Back in Spain, Mónico visited doctors to explain the benefits of his invention. In the catalogue photographs, the scientist is seen carrying the case as he gets into a car, as though he were a doctor himself. But the Civil War and technological advances gradually left Mónico's lab behind, and he began supplying schools with his invention. They were perfect for students studying physics. Even today, there are some left in parts of Spain, and they are so reliable that they continue to work properly.
Mónico tried to breathe new life into his business with trips to the United States, but he ran into obstacles trying to import certain types of material. After his death in 1961, his family kept his inventions and over 200 discharge tubes that were matchless in Europe. In 2010, the collection reached the National Museum of Science and Technology, which exhibits some of Mónico's best-preserved devices at its A Coruña headquarters.
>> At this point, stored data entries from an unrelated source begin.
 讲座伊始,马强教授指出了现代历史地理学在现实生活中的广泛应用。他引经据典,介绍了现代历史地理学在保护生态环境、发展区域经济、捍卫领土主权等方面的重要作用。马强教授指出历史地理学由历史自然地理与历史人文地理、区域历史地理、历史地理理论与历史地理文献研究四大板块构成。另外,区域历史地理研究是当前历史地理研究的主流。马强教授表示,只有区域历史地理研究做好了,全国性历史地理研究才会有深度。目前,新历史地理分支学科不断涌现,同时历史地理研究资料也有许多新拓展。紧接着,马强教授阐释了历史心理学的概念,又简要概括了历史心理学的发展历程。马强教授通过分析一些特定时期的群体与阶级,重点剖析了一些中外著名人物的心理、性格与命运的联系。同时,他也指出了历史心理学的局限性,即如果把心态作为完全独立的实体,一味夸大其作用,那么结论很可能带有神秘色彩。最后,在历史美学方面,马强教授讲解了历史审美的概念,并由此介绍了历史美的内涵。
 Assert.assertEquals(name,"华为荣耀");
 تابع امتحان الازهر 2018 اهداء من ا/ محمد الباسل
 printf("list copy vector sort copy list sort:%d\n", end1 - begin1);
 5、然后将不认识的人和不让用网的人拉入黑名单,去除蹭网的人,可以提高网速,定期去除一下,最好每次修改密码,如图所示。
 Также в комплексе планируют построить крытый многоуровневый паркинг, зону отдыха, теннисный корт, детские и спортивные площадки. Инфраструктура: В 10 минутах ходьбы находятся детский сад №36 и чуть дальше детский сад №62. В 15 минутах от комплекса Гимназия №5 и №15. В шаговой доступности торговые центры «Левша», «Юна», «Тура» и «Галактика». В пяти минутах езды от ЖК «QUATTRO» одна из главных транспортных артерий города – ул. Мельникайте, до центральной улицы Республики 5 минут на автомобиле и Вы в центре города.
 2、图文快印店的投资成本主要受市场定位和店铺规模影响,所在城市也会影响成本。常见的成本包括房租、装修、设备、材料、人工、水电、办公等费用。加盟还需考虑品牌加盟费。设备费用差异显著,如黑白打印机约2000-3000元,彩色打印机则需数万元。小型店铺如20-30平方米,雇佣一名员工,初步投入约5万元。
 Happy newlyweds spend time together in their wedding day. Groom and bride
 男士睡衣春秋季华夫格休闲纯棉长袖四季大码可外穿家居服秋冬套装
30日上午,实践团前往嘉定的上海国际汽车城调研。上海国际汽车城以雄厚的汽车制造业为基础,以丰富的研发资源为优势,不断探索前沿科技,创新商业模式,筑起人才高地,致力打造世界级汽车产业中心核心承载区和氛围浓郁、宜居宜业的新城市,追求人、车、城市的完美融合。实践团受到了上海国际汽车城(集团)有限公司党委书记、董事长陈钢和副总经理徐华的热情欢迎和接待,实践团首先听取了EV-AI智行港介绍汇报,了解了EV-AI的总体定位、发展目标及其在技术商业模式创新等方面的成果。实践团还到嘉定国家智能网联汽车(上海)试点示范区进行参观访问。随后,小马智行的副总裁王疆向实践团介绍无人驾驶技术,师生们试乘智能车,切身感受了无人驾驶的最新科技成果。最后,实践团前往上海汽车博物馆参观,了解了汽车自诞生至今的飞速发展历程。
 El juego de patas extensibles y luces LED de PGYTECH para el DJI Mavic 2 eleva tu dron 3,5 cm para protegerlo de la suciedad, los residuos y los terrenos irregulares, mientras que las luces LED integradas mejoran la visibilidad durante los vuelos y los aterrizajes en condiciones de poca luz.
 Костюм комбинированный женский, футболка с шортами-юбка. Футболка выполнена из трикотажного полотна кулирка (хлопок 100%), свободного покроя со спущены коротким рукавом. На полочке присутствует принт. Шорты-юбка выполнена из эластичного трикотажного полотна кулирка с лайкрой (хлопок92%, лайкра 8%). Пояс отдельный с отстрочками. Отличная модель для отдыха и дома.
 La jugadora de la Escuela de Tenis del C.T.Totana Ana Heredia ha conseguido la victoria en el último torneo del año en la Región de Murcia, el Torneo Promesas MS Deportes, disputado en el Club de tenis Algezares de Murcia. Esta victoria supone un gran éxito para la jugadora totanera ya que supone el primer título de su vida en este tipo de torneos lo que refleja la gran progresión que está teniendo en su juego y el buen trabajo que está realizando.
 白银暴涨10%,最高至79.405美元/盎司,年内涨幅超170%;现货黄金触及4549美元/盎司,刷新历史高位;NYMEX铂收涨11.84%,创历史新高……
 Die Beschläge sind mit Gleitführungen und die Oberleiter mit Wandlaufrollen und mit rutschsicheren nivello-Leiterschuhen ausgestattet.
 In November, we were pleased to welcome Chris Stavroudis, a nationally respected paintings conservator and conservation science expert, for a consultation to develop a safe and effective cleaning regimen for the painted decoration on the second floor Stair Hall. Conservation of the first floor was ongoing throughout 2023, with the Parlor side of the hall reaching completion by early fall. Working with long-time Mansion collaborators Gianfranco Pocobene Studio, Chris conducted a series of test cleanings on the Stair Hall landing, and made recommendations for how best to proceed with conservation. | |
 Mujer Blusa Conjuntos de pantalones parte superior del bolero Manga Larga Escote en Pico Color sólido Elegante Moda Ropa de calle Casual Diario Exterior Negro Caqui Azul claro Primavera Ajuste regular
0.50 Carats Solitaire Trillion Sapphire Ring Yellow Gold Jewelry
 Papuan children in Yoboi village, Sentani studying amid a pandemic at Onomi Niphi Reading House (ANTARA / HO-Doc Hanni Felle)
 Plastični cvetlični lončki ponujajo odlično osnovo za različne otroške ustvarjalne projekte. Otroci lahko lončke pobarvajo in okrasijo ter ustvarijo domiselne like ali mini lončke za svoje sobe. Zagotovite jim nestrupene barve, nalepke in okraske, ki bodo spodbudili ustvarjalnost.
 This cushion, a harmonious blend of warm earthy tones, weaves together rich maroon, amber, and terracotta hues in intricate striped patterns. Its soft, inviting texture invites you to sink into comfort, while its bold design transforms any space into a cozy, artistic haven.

Eduardo Estébanez Sánchez, Mónico's grandson, remembers using the portable X-ray machines as a child. "My father was a doctor and a radiologist. I used it to do an X-ray of a bird. We kept everything. Mónico was well known in Piedrabuena, but not much outside of it." Estébanez, a mining engineer, has very few memories of his grandfather, who died when he was six. "My mother adored him, but she didn't talk much about his professional successes; she talked more about him as a person. Those who knew him have told me that he was exceptional, an extrovert with great charisma. Wherever he went, he was the center of conversation."
On September 7, the town of Piedrabuena will pay tribute to Mónico. A wall plaque at his old lab will remind passersby of Mónico Sánchez's achievements and his incredible journey.